# Task brief:
Instruction for the entries below: return the part that opens with the line containing "Создано на основе" and closes with the line containing "În imagini, apar", exactly, and no pictures.

# Dataset entries:
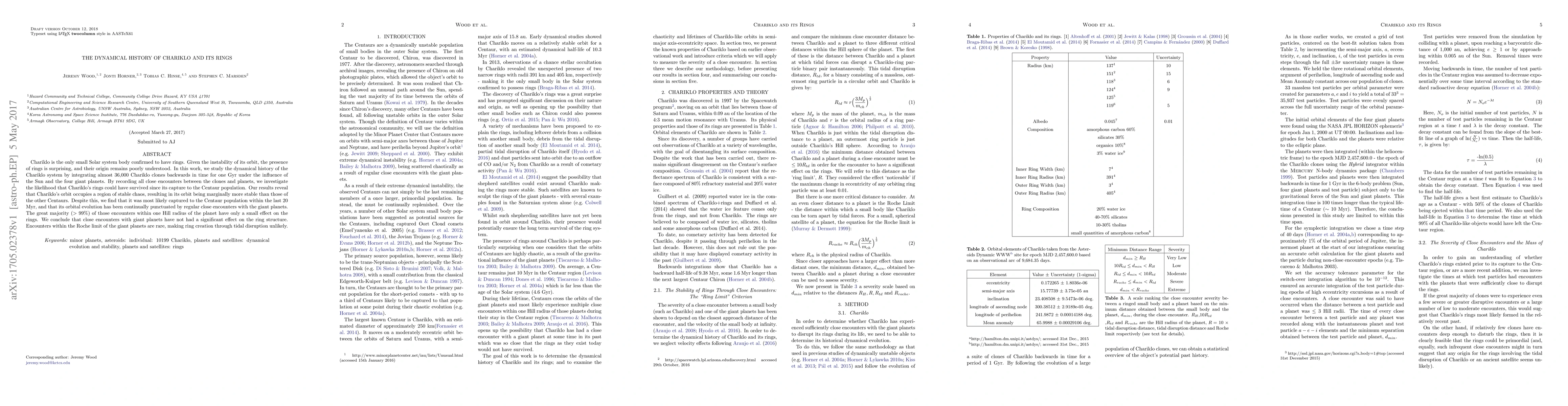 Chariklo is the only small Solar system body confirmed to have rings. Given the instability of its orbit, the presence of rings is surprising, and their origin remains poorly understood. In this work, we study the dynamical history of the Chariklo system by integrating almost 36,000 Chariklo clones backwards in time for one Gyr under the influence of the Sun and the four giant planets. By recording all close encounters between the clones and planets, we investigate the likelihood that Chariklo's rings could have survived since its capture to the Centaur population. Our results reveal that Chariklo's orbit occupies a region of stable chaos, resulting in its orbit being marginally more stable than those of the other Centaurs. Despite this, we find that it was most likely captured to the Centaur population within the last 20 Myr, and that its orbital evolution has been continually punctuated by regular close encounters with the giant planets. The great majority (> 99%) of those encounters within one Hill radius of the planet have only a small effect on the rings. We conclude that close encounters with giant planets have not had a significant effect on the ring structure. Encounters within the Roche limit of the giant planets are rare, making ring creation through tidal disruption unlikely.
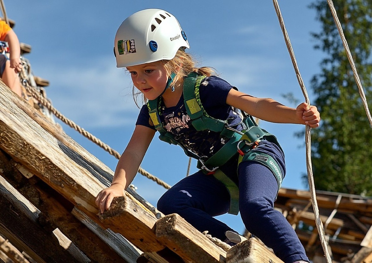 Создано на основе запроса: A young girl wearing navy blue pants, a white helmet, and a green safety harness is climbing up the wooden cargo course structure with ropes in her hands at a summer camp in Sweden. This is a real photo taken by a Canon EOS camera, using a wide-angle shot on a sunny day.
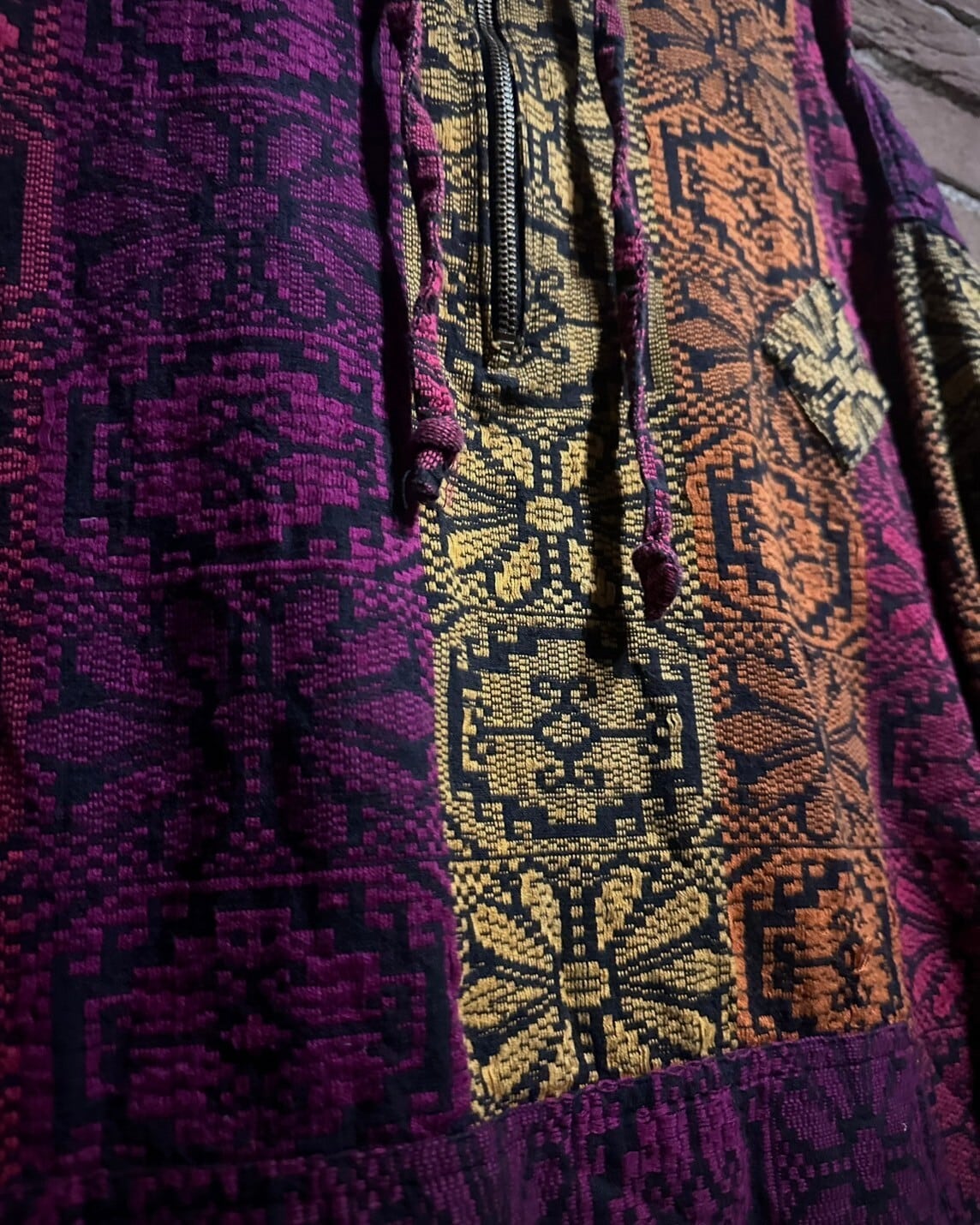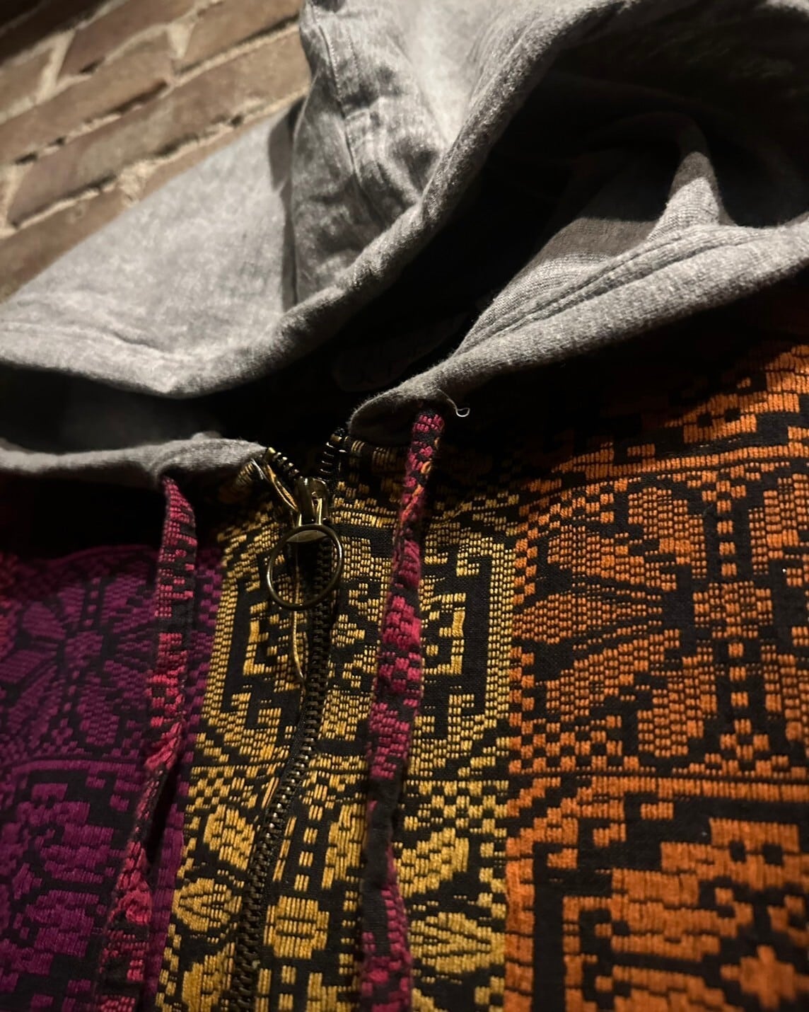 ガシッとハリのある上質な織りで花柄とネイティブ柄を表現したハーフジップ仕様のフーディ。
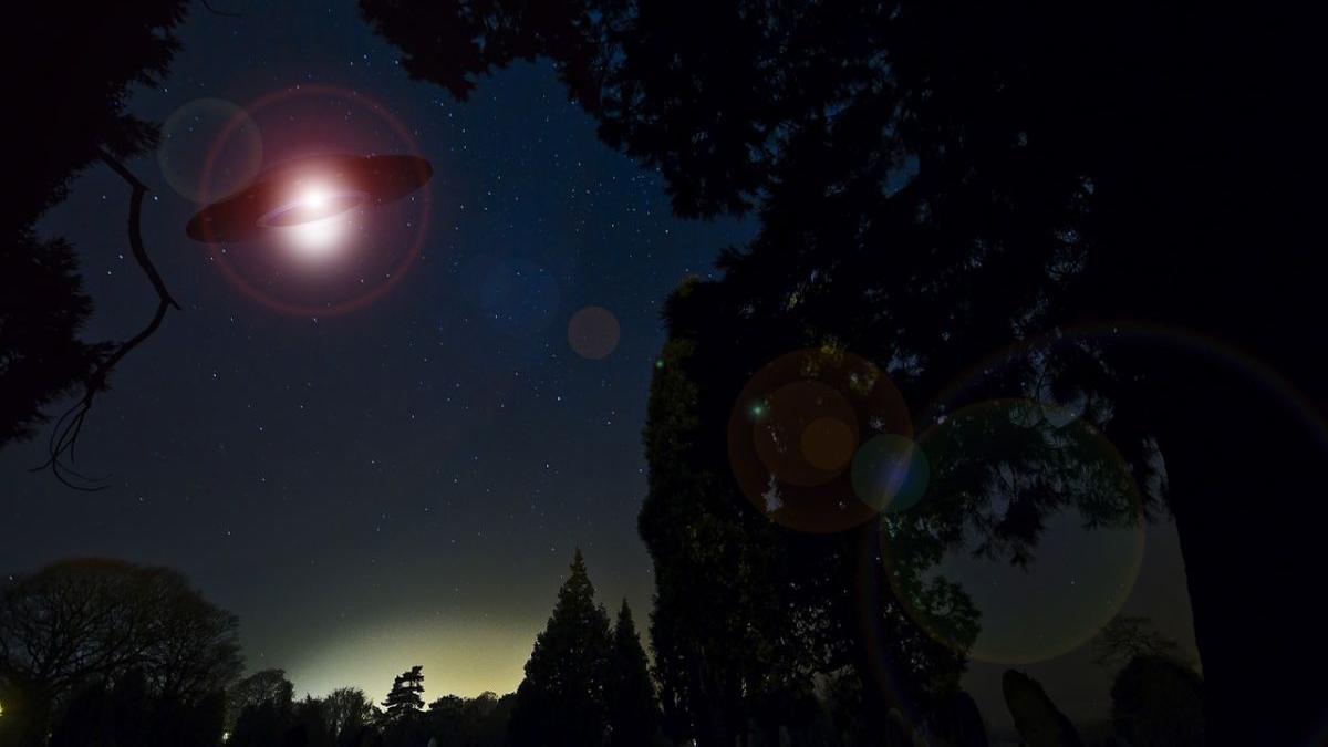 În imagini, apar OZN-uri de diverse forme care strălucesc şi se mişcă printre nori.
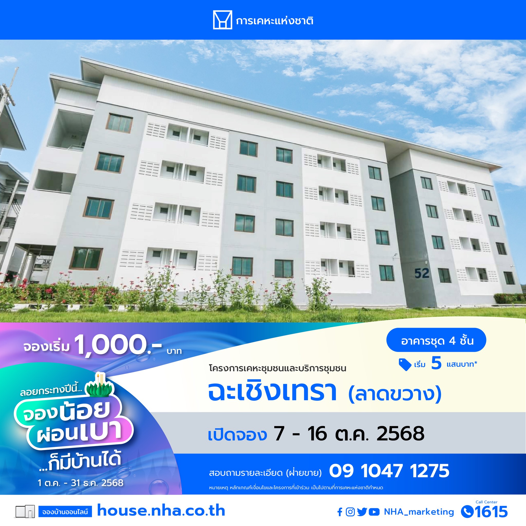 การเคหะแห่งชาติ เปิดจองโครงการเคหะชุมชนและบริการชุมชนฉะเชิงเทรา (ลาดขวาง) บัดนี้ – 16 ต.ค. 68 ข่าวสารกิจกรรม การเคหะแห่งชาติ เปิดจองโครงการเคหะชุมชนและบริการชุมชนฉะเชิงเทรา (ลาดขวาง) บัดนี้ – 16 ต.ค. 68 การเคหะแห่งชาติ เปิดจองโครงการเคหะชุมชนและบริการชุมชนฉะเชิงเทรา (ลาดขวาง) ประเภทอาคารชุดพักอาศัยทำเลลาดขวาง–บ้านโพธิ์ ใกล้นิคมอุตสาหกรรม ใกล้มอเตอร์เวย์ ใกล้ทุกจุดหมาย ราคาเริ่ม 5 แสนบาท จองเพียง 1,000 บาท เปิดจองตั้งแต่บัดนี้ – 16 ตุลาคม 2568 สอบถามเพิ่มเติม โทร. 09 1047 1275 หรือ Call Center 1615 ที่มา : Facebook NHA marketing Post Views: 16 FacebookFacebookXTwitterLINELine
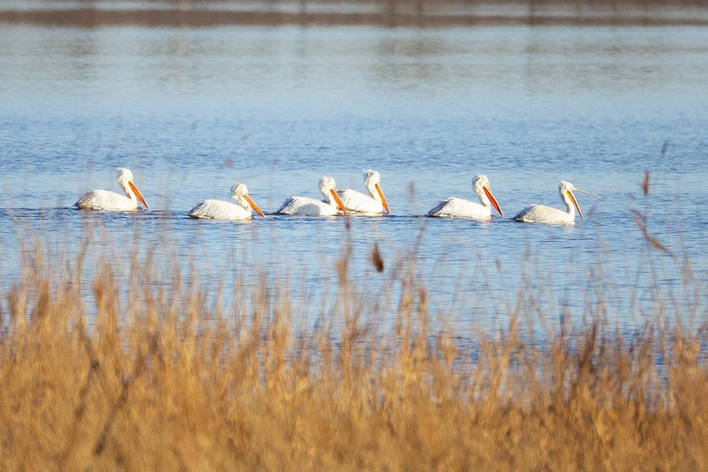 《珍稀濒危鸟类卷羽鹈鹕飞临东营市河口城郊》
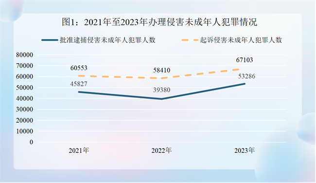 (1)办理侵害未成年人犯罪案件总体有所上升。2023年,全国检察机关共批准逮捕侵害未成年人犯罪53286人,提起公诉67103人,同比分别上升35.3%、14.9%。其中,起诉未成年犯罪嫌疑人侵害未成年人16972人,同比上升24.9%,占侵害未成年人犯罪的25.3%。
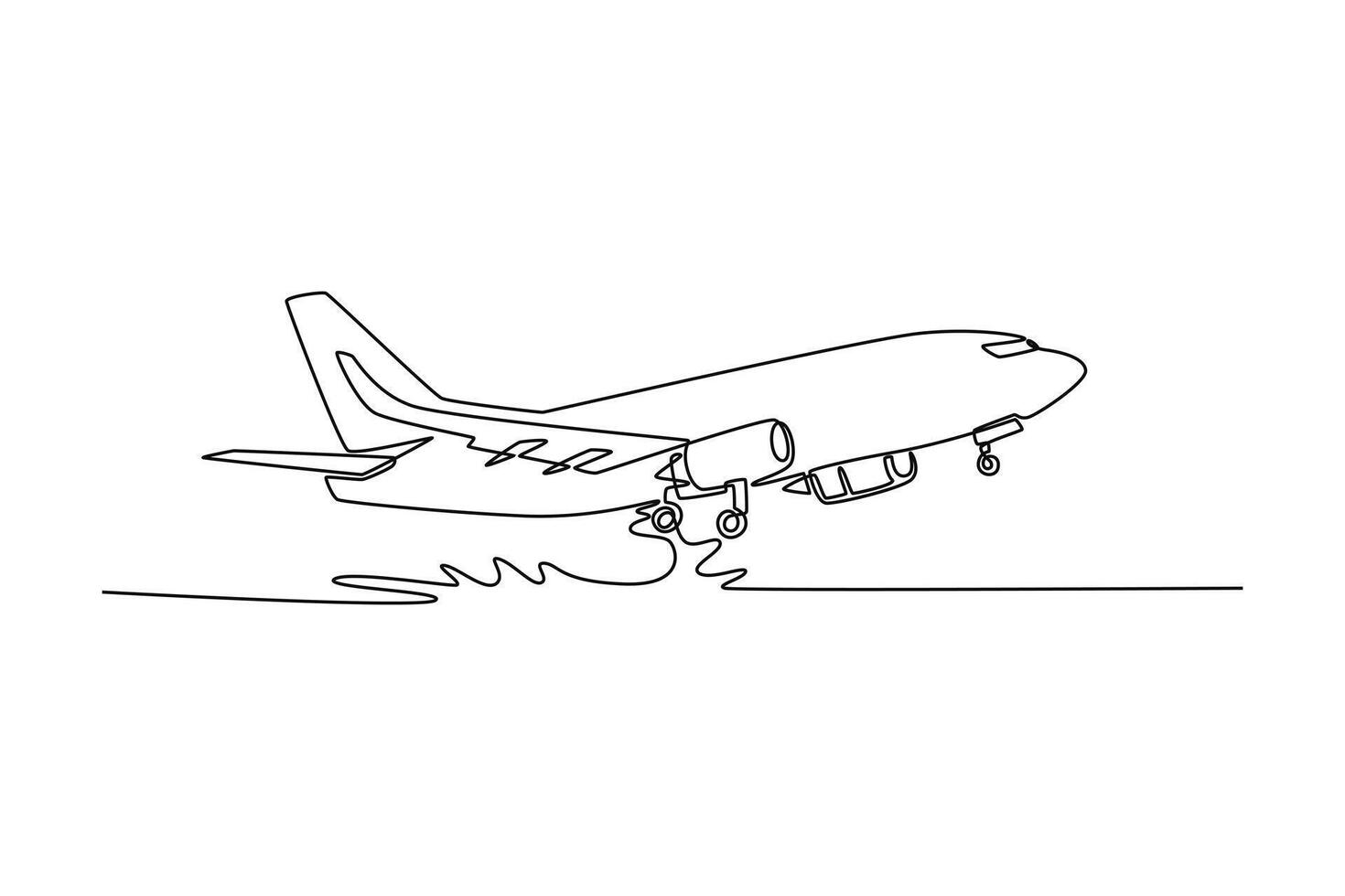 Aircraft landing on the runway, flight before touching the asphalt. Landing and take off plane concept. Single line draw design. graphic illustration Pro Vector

# Written solution:
 Создано на основе запроса: A young girl wearing navy blue pants, a white helmet, and a green safety harness is climbing up the wooden cargo course structure with ropes in her hands at a summer camp in Sweden. This is a real photo taken by a Canon EOS camera, using a wide-angle shot on a sunny day.
 ガシッとハリのある上質な織りで花柄とネイティブ柄を表現したハーフジップ仕様のフーディ。
 În imagini, apar OZN-uri de diverse forme care strălucesc şi se mişcă printre nori.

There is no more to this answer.